## YOUR GOAL
Leaving out every picture, copy the lines of the material below exactly, from the line containing "Das Zeichen des" through the line containing "Мужской лонгслив базовый".
BEGIN GIVEN DATA
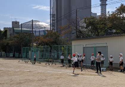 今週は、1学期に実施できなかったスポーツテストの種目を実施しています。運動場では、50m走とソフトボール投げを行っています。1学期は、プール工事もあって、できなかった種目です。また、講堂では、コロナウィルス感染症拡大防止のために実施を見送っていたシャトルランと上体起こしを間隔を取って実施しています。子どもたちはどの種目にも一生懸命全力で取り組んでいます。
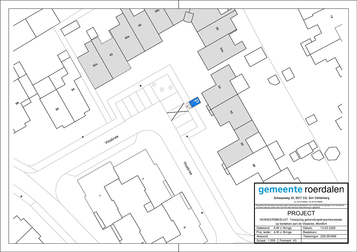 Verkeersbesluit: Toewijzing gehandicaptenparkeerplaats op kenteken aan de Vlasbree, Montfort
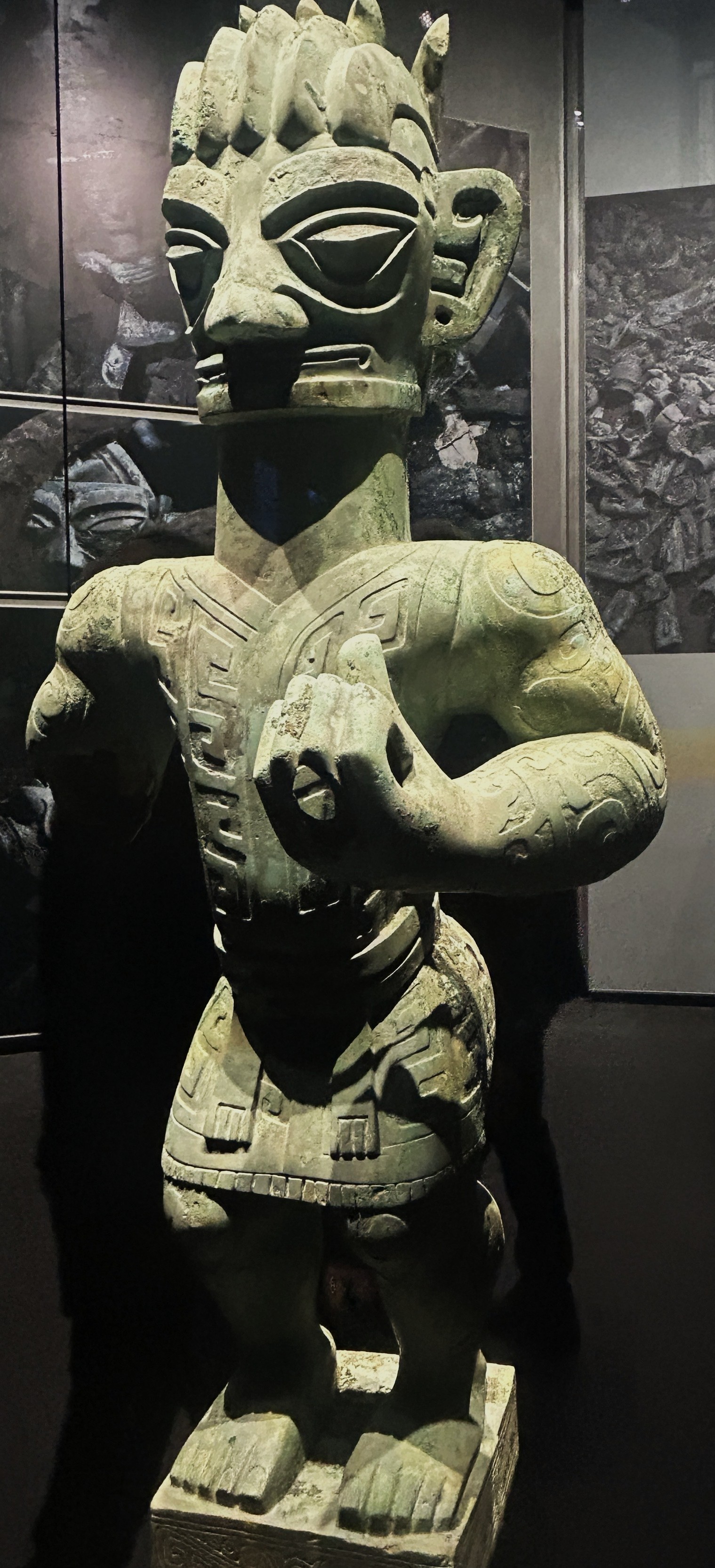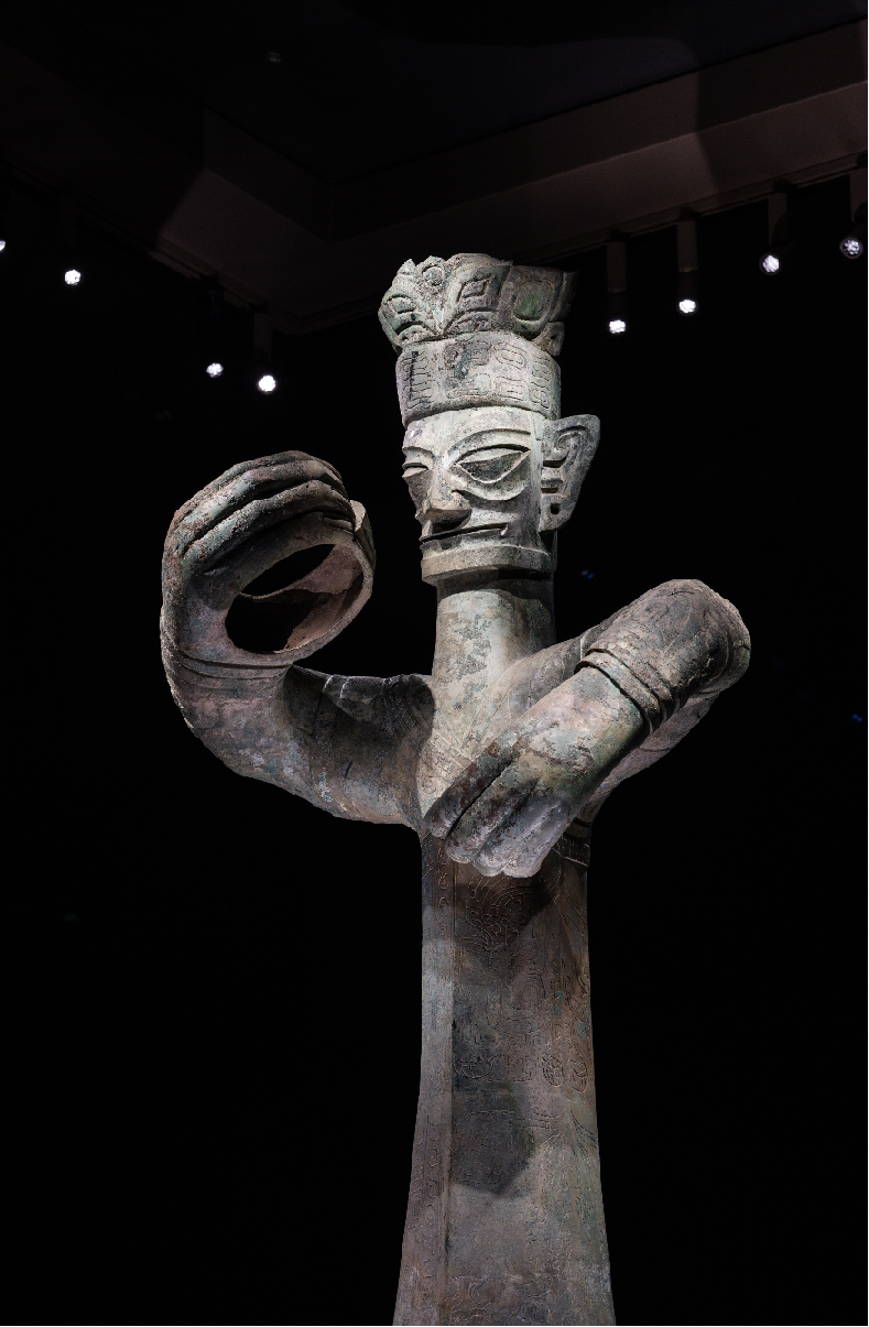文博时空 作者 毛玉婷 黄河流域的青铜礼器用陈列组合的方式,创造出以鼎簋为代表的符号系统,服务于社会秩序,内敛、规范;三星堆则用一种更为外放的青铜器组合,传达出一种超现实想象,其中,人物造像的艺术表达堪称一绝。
END GIVEN DATA
BEGIN GIVEN DATA
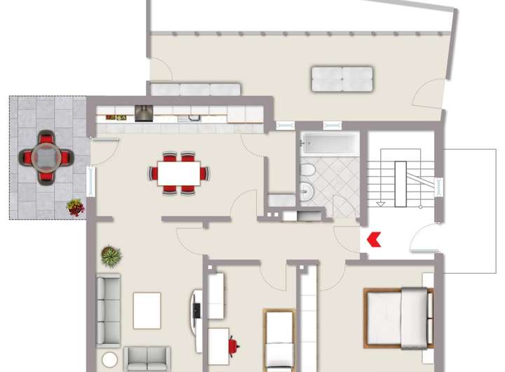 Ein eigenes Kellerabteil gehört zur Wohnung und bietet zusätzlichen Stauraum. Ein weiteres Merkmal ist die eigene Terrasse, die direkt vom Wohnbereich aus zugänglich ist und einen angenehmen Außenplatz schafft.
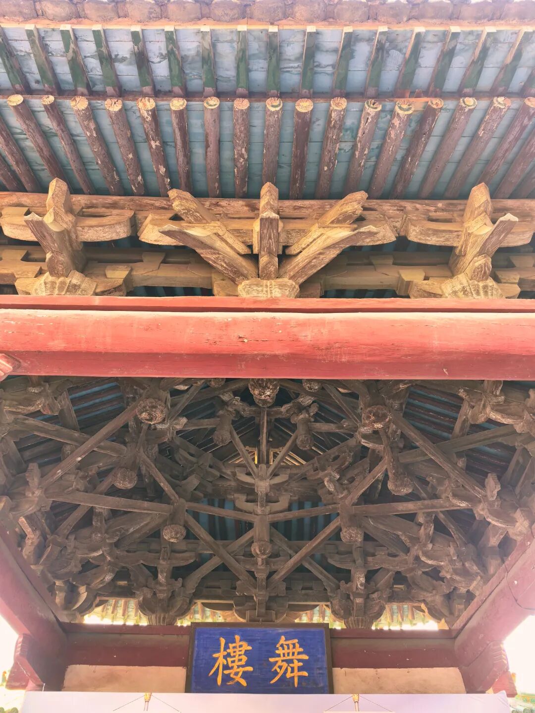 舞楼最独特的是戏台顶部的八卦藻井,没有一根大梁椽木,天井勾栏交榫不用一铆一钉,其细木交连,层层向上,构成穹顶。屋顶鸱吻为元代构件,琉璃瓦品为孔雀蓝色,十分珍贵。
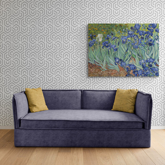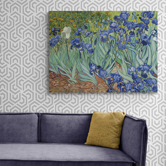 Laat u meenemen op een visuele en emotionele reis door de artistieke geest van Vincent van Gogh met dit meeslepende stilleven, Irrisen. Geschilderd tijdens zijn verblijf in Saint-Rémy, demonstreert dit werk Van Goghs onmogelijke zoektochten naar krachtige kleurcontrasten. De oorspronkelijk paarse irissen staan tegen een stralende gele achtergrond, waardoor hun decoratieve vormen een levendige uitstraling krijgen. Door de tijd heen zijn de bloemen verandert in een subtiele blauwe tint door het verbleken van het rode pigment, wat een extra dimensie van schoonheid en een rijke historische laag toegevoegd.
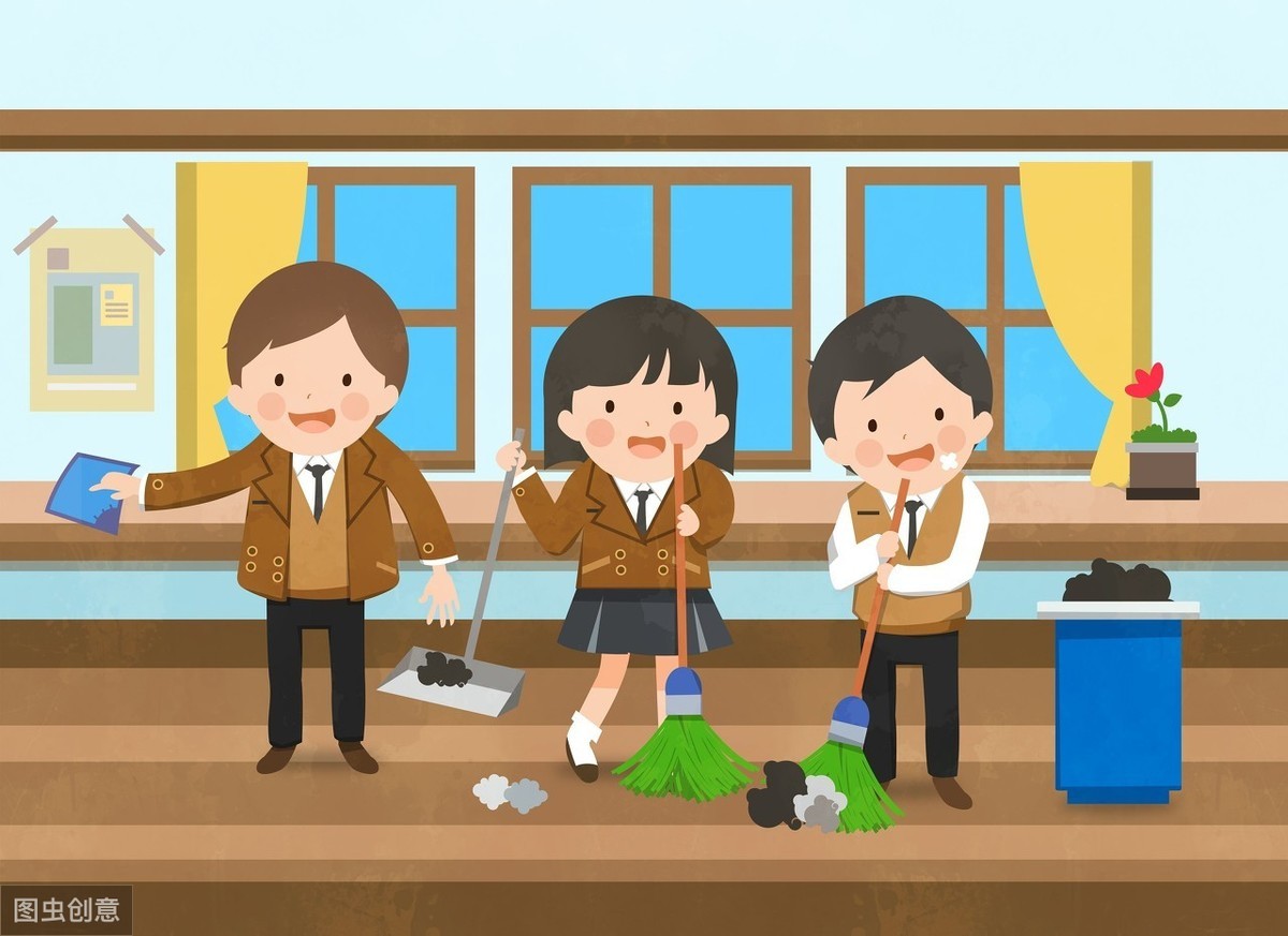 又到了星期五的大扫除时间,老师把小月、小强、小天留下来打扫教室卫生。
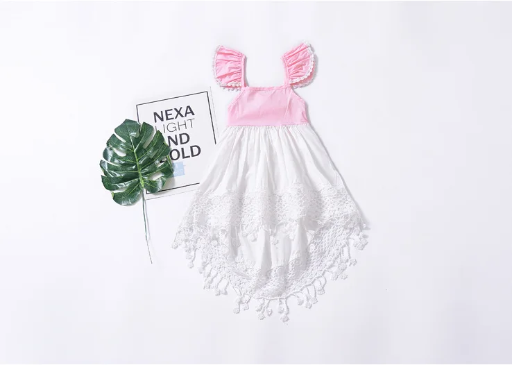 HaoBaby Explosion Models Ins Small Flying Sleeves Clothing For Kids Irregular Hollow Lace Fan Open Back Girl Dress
END GIVEN DATA
BEGIN GIVEN DATA
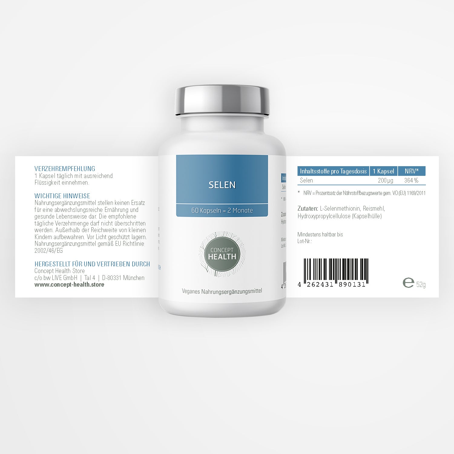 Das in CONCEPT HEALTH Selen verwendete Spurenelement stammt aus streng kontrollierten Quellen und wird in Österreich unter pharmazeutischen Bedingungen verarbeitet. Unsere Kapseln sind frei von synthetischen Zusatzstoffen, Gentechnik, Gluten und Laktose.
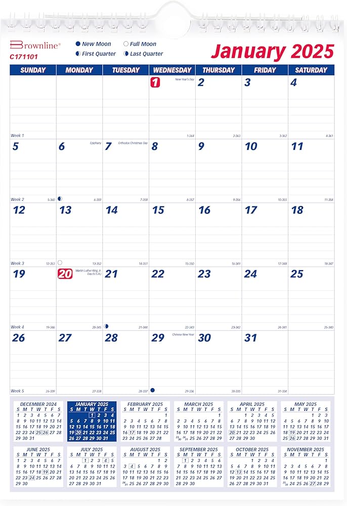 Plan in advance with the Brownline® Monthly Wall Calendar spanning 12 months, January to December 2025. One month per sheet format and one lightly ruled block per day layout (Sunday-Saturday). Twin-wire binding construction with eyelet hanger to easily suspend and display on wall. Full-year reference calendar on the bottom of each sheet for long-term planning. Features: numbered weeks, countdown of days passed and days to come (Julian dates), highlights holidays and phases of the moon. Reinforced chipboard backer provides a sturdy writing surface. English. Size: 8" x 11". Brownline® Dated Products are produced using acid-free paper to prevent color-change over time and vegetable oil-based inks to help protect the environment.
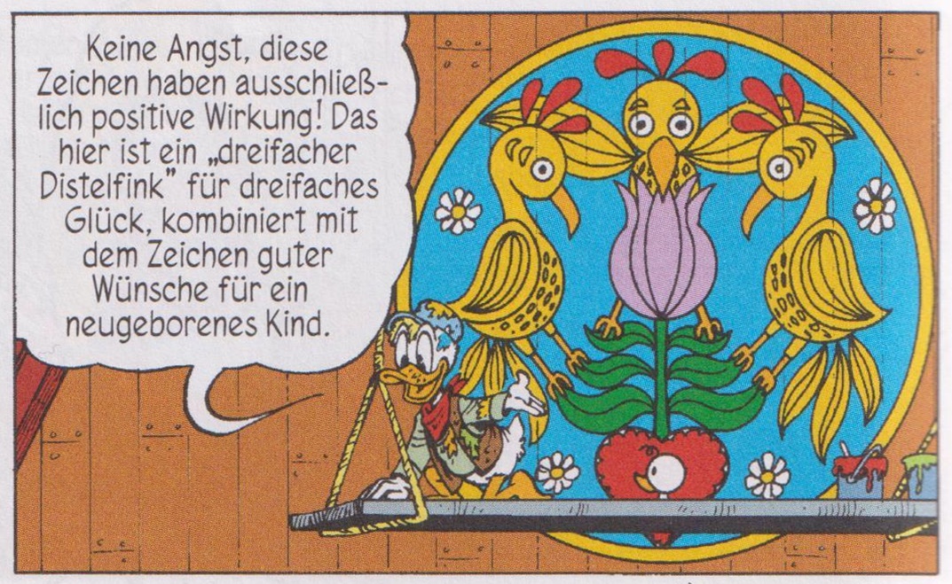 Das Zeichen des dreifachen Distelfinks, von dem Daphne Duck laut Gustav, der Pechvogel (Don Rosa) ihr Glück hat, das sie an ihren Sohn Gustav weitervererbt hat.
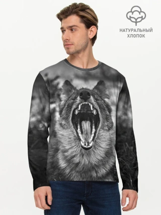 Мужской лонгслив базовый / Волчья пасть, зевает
END GIVEN DATA
## OUTPUT BELOW
 Das Zeichen des dreifachen Distelfinks, von dem Daphne Duck laut Gustav, der Pechvogel (Don Rosa) ihr Glück hat, das sie an ihren Sohn Gustav weitervererbt hat.
 Мужской лонгслив базовый / Волчья пасть, зевает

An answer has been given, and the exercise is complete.